Matthew Kim was a manager for retail clothing store Gen-X Clothing Inc. in Omaha, Neb., court records show. The store was robbed in June 2011 while Mr. Kim was working.
The robbers later returned to the store at an unspecified time and shot Mr. Kim multiple times, records show. Court documents say the shooting was done in revenge after Mr. Kim reported the previous robbery at Gen-X, and that the perpetrators made several phone calls to Mr. Kim threatening him and his family.
Mr. Kim drank alcohol and was a recreational drug user prior to the shooting, court records show. A mental health practitioner examined Mr. Kim in September 2011 and diagnosed Mr. Kim with post-traumatic stress disorder and chemical dependency that had begun to increase after Mr. Kim was shot.
Mr. Kim's medical providers recommended inpatient treatment for Mr. Kim, fearing that he could not safely detoxify from his drug and alcohol use without experiencing significant or fatal withdrawal, records show. He was admitted for inpatient drug and alcohol treatment in February 2012.
Medical experts for Mr. Kim and Gen-X agreed that Mr. Kim's drug use after his shooting was related to his PTSD diagnosis, and that inpatient treatment was appropriate, records show.
However, a medical expert for Gen-X argued that Mr. Kim had reached maximum medical improvement after nine days of inpatient addiction treatment, and that Gen-X should not pay for continuing treatment, records show. The doctor argued that Mr. Kim was a lifelong drug abuser and that he was exaggerating his PTSD symptoms.
However, Nebraska's Workers' Compensation Court awarded Mr. Kim temporary total disability benefits of $400 a week and ordered Gen-X to pay $18,500 in medical bills for Mr. Kim, including $13,236 for inpatient addiction treatment, records show. The court also ordered Gen-X to pay for continuing medical and hospital services for Mr. Kim.
The case was appealed by Gen-X and its workers comp insurer, Farmers Insurance Group's Truck Insurance Exchange, records show.

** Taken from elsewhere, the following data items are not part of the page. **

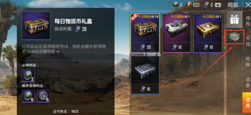 3、道具界面中选择第二个宝箱的图案。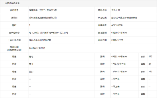 深圳市房地产信息平台显示,天玑公馆的项目许可证上写明——用途为办公的房源套数为352套,正是C座的户数。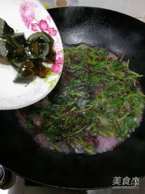 9水开的时候喝蹲加入皮蛋,加盐继续煮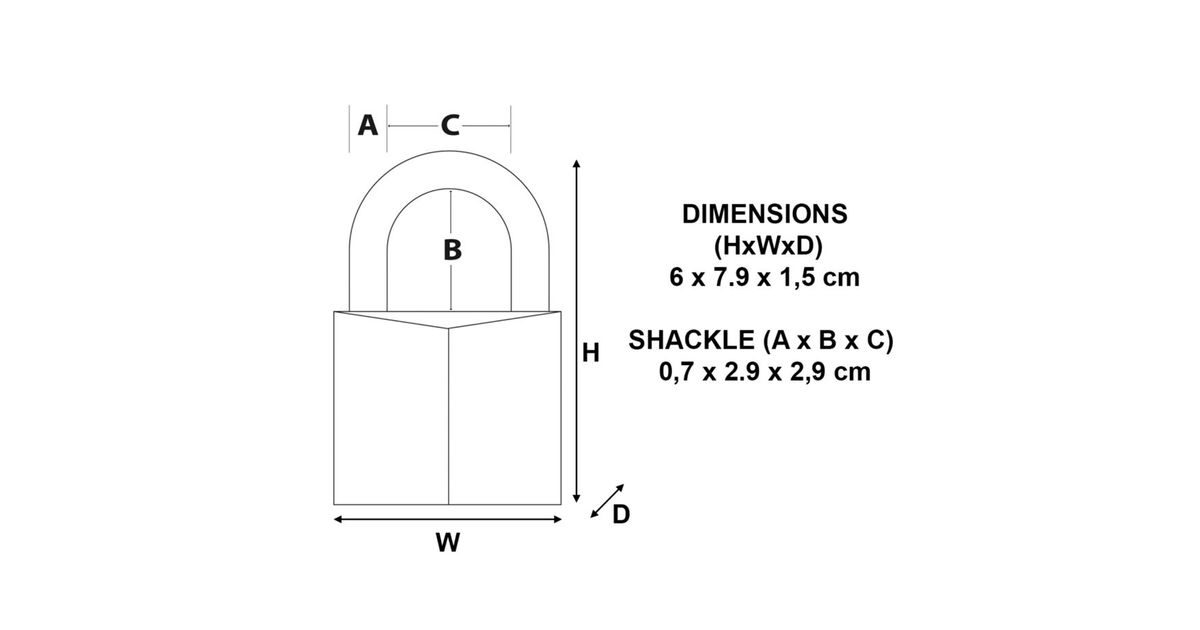 The Master Lock padlock No. 9160EURD has a 60 mm wide, solid aluminum body that is durable and corrosion resistant. The shackle has a diameter of 7 mm, a length of 29.3 mm and is made of hardened steel with increased resistance to cutting or sawing. The locking cylinder with 5 pins protects against lock picking and the locking levers on both sides offer protection against break-in attempts and hammer blows.

The Nebraska Supreme Court unanimously upheld Mr. Kim's benefit awards on Friday. The court found that Mr. Kim's inpatient addiction treatment was compensable because testimony showed that the shooting caused Mr. Kim to become a dependent drug user, rather than a recreational drug user.
Mr. Kim's ongoing addiction treatment also was compensable because testimony showed that Mr. Kim had not reached maximum medical improvement at the unspecified time of the workers comp court trial, the high court ruled.
“At the time of trial, Kim was still seeking counseling services two to four times per month,” said the opinion, which called Mr. Kim's addiction treatment “reasonably necessary.”
The high court also upheld TTD benefits for Mr. Kim, as well as payment for an October 2011 emergency room visit in which Mr. Kim was treated for a panic attack after his shooting.